About TRANSFORM
The TRANSFORM Research Center is a nationally recognized Center of Excellence, funded by the National Institutes of Health. Our mission is to change the paradigm of child maltreatment prevention from reactive to proactive through research and dissemination. Our core areas include three ground-breaking studies and an expansive research dissemination program. To fulfill its mission, TRANSFORM:
- Provides infrastructure and access resources to support a multidisciplinary team of translational scientists spanning the fields of developmental psychopathology, intervention science, neuroscience, genetics, and law.
- Evaluates interventions to foster adaptive parenting and infant outcomes that can be exported to real-world community settings.
- Considers law as an agent of change in children’s lives by helping legal, child welfare, and medical professionals understand and use this important area of science.
- Partners with leaders of various community systems-of-care serving high-risk youth to implement evidence-based approaches in high-impact public health settings: courts, medical/mental health offices, child welfare offices, social services, etc.
- Interfaces with various stakeholder groups across multiple child-serving systems (child welfare, law, education, physical and mental health, law enforcement, advocacy groups, funders and policymakers) to disseminate the products of TRANSFORM research.
- Provides education, mentoring and training, pilot-funding opportunities, and career development coaching for early career professionals to transmit cutting-edge research and the skills required to translate these findings into effective new therapies and procedures.
- Disseminates research findings via traditional routes (e.g., publications and presentations at professional conferences) and with additional initiatives (e.g., this website, TRANSFORM-sponsored webinars, podcasts, presence at conferences, social media, and mobile applications).
THEORETICAL MODEL
TRANSFORM operates under the overarching theoretical and methodological perspective of developmental psychopathology. This perspective integrates Bronfenbrenner’s (1979) ecological approach to understanding environmental contexts, organizational perspectives on development (Cicchetti & Toth, 2015; Cicchetti & Valentino, 2006), Belsky’s (1980) nested, interactive systems of influence on parenting, and Cicchetti and Rizley’s (1981) model of transactions among risk and protective factors. Equifinality and multifinality in developmental processes are seen as central for understanding normative and atypical development.
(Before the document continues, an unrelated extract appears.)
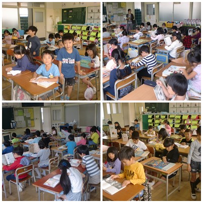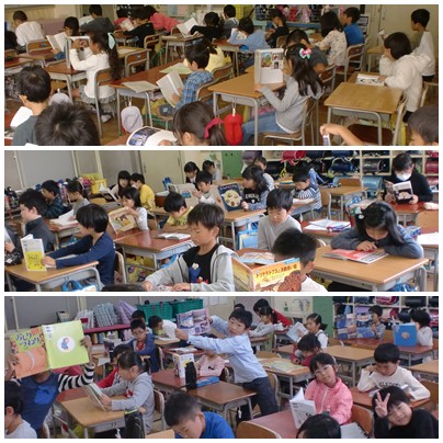 上の写真は1年生、下は2年生です。全員が本を読んでいるので、教室は静寂です。
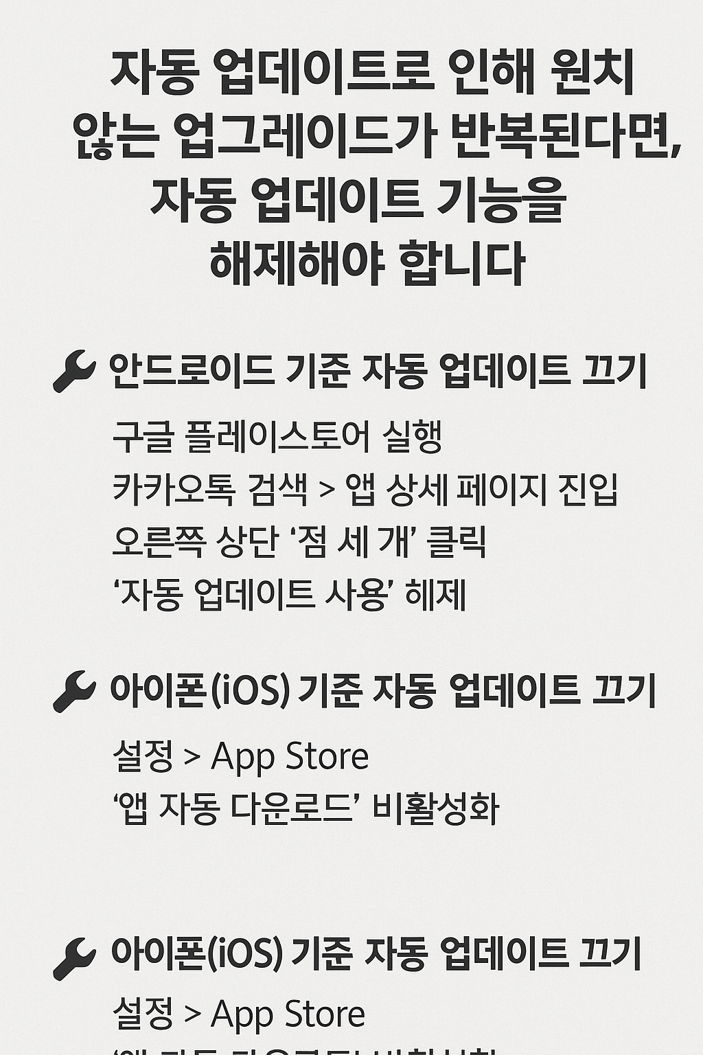 카카오톡은 앱스토어나 구글 플레이스토어에서 자동으로 업데이트되는 구조라, ‘업데이트 취소’ 기능은 공식적으로 제공되지 않습니다. 하지만 아래와 같은 방법으로 **원상복구(구버전 설치)**는 가능합니다.

From its inception, the developmental psychopathology framework has proffered the mutually- informative transactions that can occur between basic and applied research, with the ultimate goal of informing the provision of prevention and intervention initiatives. Within this framework, preventive interventions can provide important information on developmental processes in order to examine those factors that are modifiable with treatment. Thus, basic, as well as applied research can shape our understanding of etiological factors, change mechanisms, and sequelae of child maltreatment.
A multi-level analytical approach incorporates multiple influences, including psychosocial as well as neurobiological processes that impact development. Increasingly, the role of the stress response system through the hypothalamic-pituitary-adrenal (HPA) axis, as well as genetic and epigenetic factors, are being examined in high-risk populations to better understand its developmental impact and the opportunity it provides to assess treatment effects. Dysregulations in HPA axis activity and gene by environment interactions have been documented by our researchers in a multitude of publications on maltreated children. Although advances in science and technology have permitted more detailed examination of processes impacting the development of maltreated children, they also have uncovered variability and transactional challenges for which simplistic solutions have proven inadequate.